- Born: August 24, 1869 Bellefonte, Pennsylvania, United States
- Died: December 28, 1960 Niagara Falls, New York, United States
- Burial place: Riverdale Cemetery, Lewiston, New York
- Occupation(s): Industrialist, inventor
- Spouse: Lida T. Marshall (d. 1946)
- Children: 2
- Awards: Schoellkopf Medal

= James G. Marshall (industrialist) =

American industrialist and inventor

James G. Marshall (August 24, 1869 – December 28, 1960) was an American industrialist and inventor. Hailed as the "father of the covered furnace," he pioneered advancements in calcium carbide research and ferroalloys. As a co-founder of chemical company Union Carbide, Marshall held various roles throughout his lifetime, notably serving as general superintendent.

== Early life and education ==
James G. Marshall was born on August 24, 1869 to Joseph Williams Marshall and Mary Allen Marshall, on the family farm located in Buffalo Run Valley near Bellefonte, Pennsylvania. He was the youngest among 10 siblings, with four brothers and five sisters. His mother was the daughter of a Scottish covenanter, while his father's ancestors were among the earliest settlers in America. Marshall is a direct descendant, seven generations removed, of John Brown of Priesthill.

Marshall graduated from Bellefonte Academy in 1891. He earned a B. Sc. from Pennsylvania State University in 1895, followed by an electrical engineering degree from the same institution in 1902. He taught elementary school from 1889 to 1890. Marshall relocated to Niagara Falls, New York, where he observed that the newspapers were brimming with stories about beginning the development of electric power, with Niagara Falls prominently featured in those narratives, in 1896.

== Career ==
Marshall started his career in 1896 as an electrical engineer at the Acetylene Light, Heat, & Power Co. of Niagara Falls, which he co-founded and which later became Union Carbide. In 1910, he pioneered the covered furnace system at Union Carbide, earning him the title of the "father of the covered furnace". He was promoted to superintendent of the Niagara Falls plant in 1913 and became district superintendent of the Welland, Ontario, and Niagara Falls plants in 1917.

In 1921, Marshall became general superintendent of operations for Union Carbide, overseeing facilities throughout North America, including in Niagara Falls, Ontario, Michigan, Virginia, and West Virginia. He oversaw the construction of the Union Carbide plant in Norway and traveled through Europe, Asia, Australia and South America, as well as the United States. He remained in this role until he retired in 1939. Following his retirement, Marshall served as a consulting engineer for the company.

Marshall, described as a "sentinel of industrial safety," championed safety and better working conditions throughout his career. He is credited as a pioneer of plant safety programs used nationwide. Niagara Falls historian Tom Yots notes that he was recognized for his contributions to advancing employee benefits and is credited with devising a work shift system that ensured employees had adequate rest periods and a fair distribution of workload during holidays and other special times of need.

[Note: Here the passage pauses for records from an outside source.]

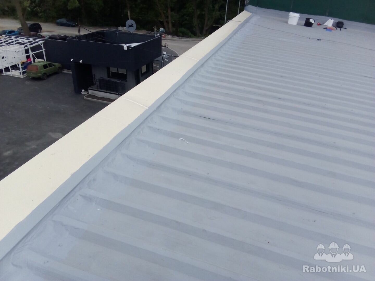 Потрібно напаяти у водостічний жолоб шириною 1 м. Єврорубероїд +- 150 м2 та змонтувати профнастил 110 м2
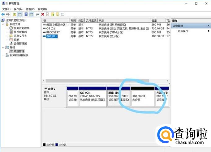 压缩完毕后可以看到多出来一个未分配的磁盘空间,这一部分就是新盘的空间了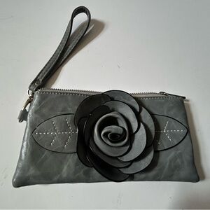 Rosette Elegant Gray Floral Clutch- zip top - never used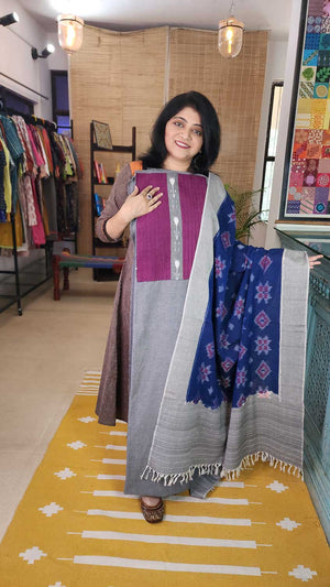 Exclusive gray blue Ikkat dupatta with Patterned kurta fabric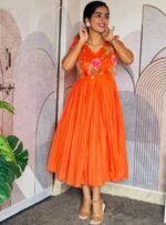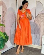 Orange Beautiful Pure Mul Chanderi Frock with Handwork - Flynker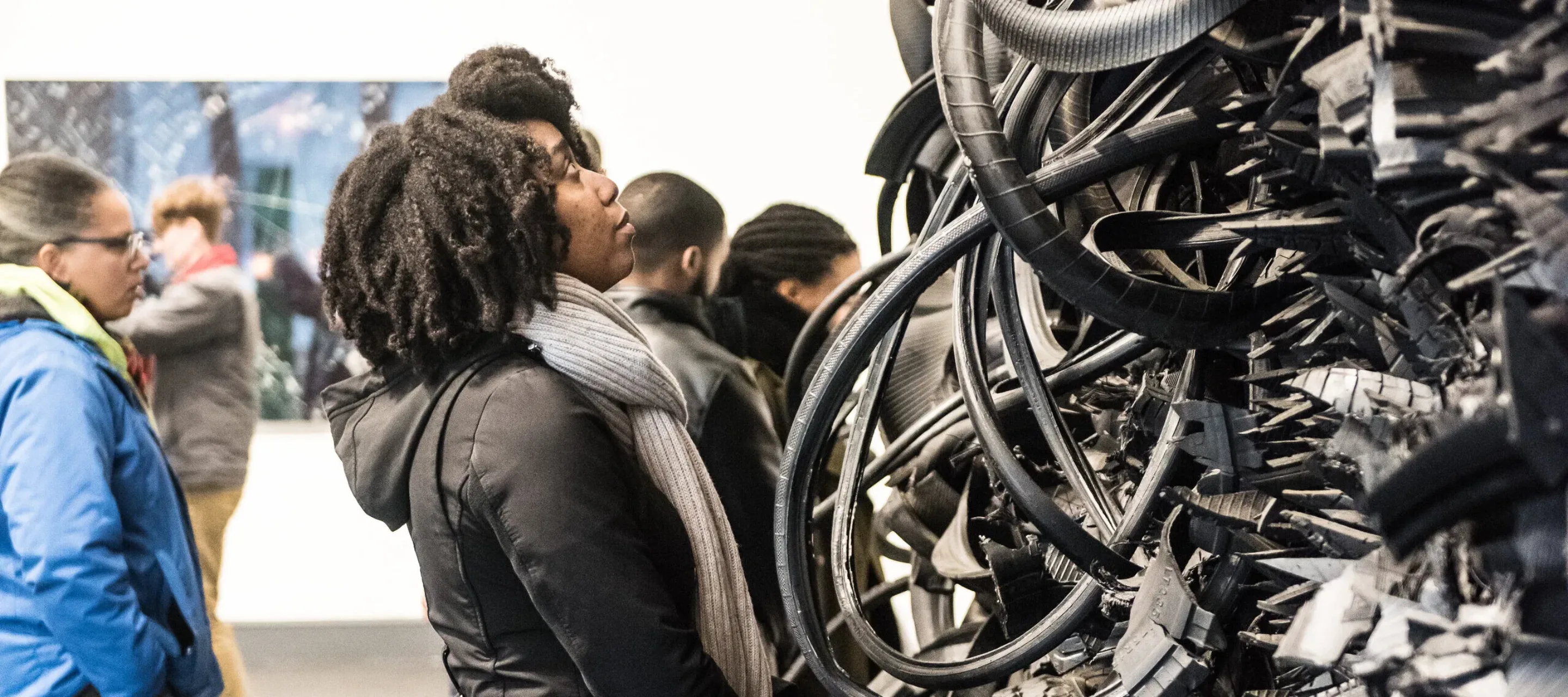 A woman looks closely at a large sculpture made of tires in a museum gallery.

Marshall held many patents in the electro-metallurgical field. He is credited for making two fundamental raw materials, acetylene and carbon monoxide, commercially accessible to the chemical industry.

== Awards and distinctions ==
In 1937, Marshall was awarded the Jacob F. Schoellkopf Medal from the Western New York chapter of the American Chemical Society for his contributions to the calcium carbide and ferroalloy industries.

In 1953, Marshall received from the Niagara Falls Council of Social Agencies an Honorary Life Membership for Community Service.

In 1956, Marshall received a Distinguished Alumnus Medal from his alma mater, Pennsylvania State University, for "conspicuous achievement in personal and professional life, and community service".

== Personal life ==
Marshall married Lida T. Marshall in 1898. They had two daughters. Lida died in 1946.

=== Civic work and philanthropy ===
Marshall participated in several civic and charitable organizations, including the Beeman Clinic, Niagara Falls Historical Society, Old Fort Niagara Association, Council of Social Agencies, and the YMCA. He served as a board member of the Niagara Falls Chamber of Commerce from 1933 to 1936, vice president from 1933 to 1935, director from 1941 to 1943, and president from 1941 to 1943.

Marshall served as an elder at the First Presbyterian Church in Niagara Falls from 1917 onwards.

In 1957, Marshall proposed turning the Edward Dean Adams power plant into an "electrical hall of fame" to preserve its history and that of industries it powered. Despite gathering wide support from various organizations, including historical societies, the project faced financial challenges and remained unrealized.

=== James G. Marshall House ===

Marshall resided in the Park Place Historic District in Niagara Falls, New York. In 2004, his home was listed on the National Register of Historic Places. It is also listed on the New York State Register of Historic Places. In 1994, it opened as a bed and breakfast.

== Death ==
Marshall died on December 28, 1960 at Memorial Hospital in Niagara Falls.